In Manipur, now we are facing with acute water scarcity. To save the state’s water crisis, we need to save and conserve our forests, springs, watersheds and wetlands. Our state does not have a long term water plans like big dams and other water storage facilities for any eventualities. Unluckily, all of our rivers are rain fed, there is no snow fed river in our state and hence when there is scanty rainfall, then we face the drought. Many people in the state mainly in the hills could be displaced by the intense water scarcity by 2030.

Most of our water sources have been dried up due to lack of vegetation in the upper reaches. Therefore, felling of trees in the catchments should immediately be stopped. As an impact of climate change, the state is facing with scanty rainfall.
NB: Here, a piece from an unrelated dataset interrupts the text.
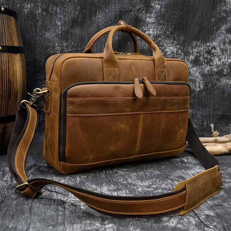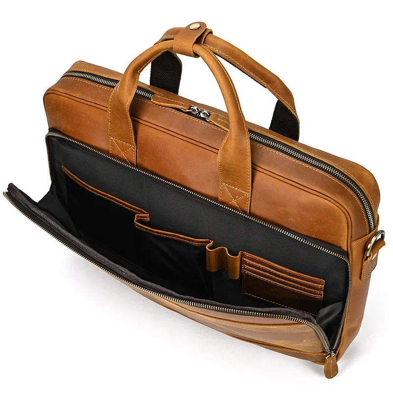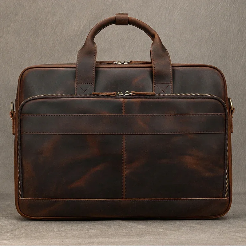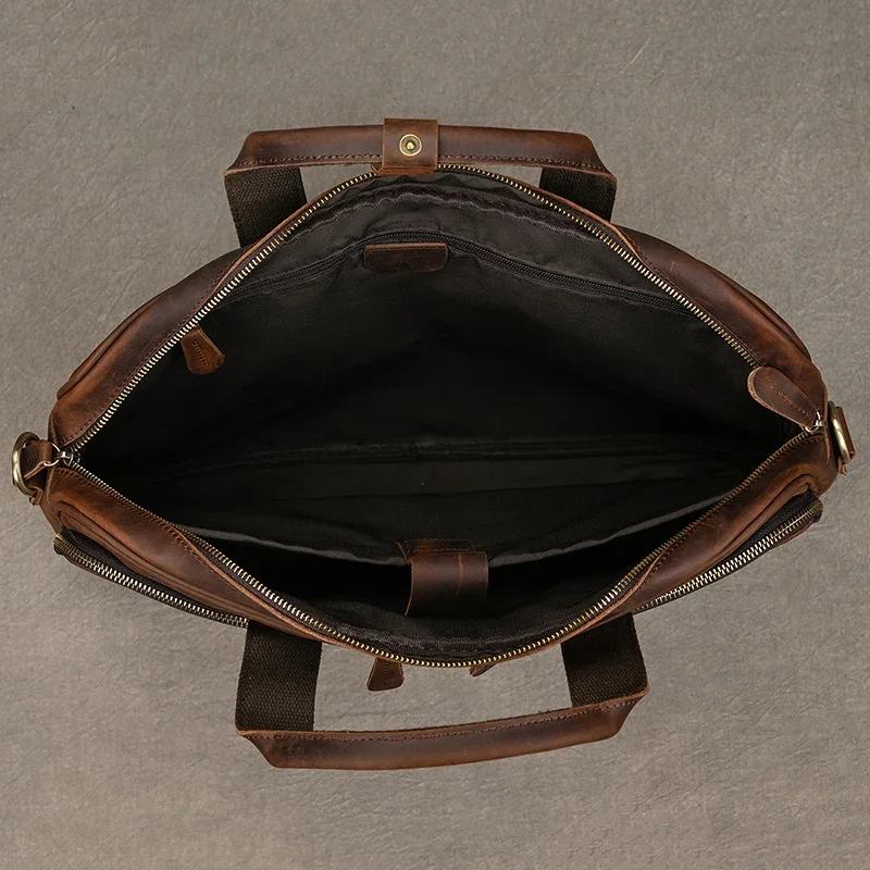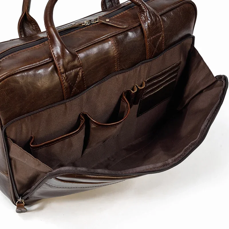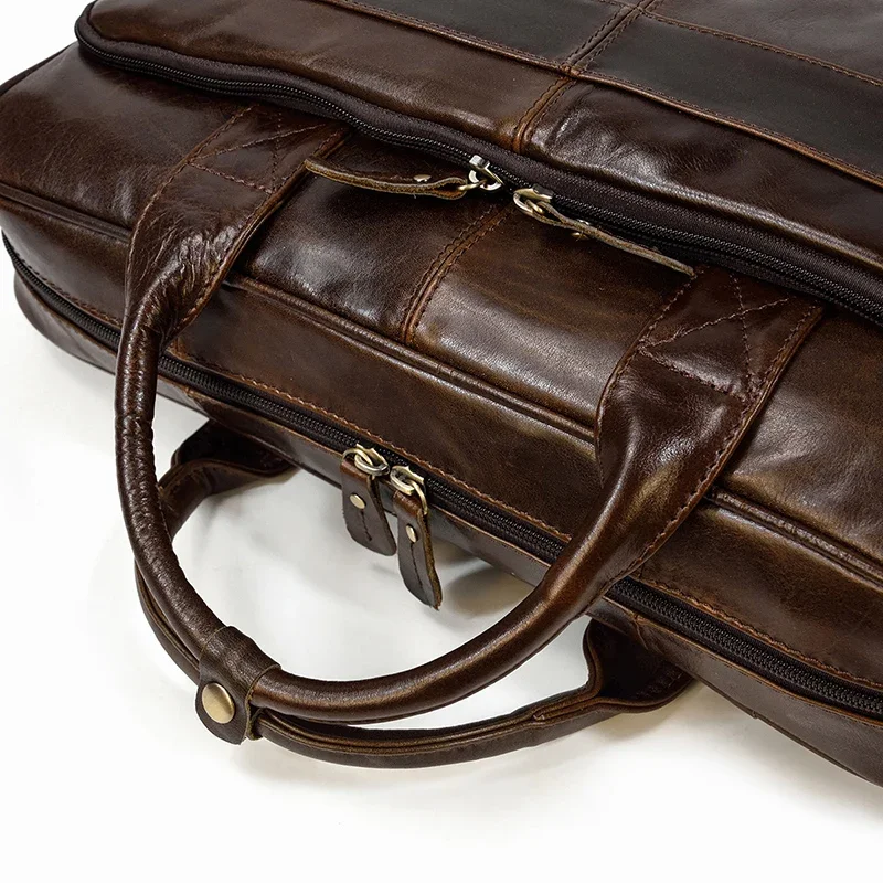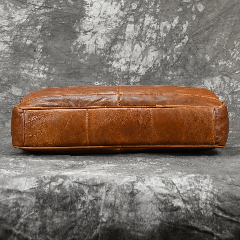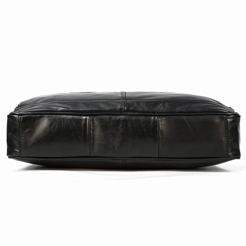 Das verwendete Genuine Cow Leather zeichnet sich durch besondere Geschmeidigkeit und natürliche Struktur aus. Es fühlt sich angenehm weich an, bleibt dabei formtabil und strapazierfähig. Die schlichte, einfarbige Oberfläche verleiht der Aktentasche einen dezenten Luxus-Charakter, der perfekt zu Business-Outfits und gepflegtem Alltagsstil passt.

Now we need to spread awareness program about the water conservation techniques. Every new houses should compulsorily have the facility for rain water harvesting. The authority should install for more water treatment facilities in all localities from all sources. Promoting ideas for making the best use of existing water supplies should also be the core initiative. The state needs have a sewage water treatment plant which can save about 200 million litre water annually from the unnecessary waste.

Therefore, on coming of World Water Day, 2024, we need to take care of our water today to save us from a dreaded water crisis that cannot be solved forever.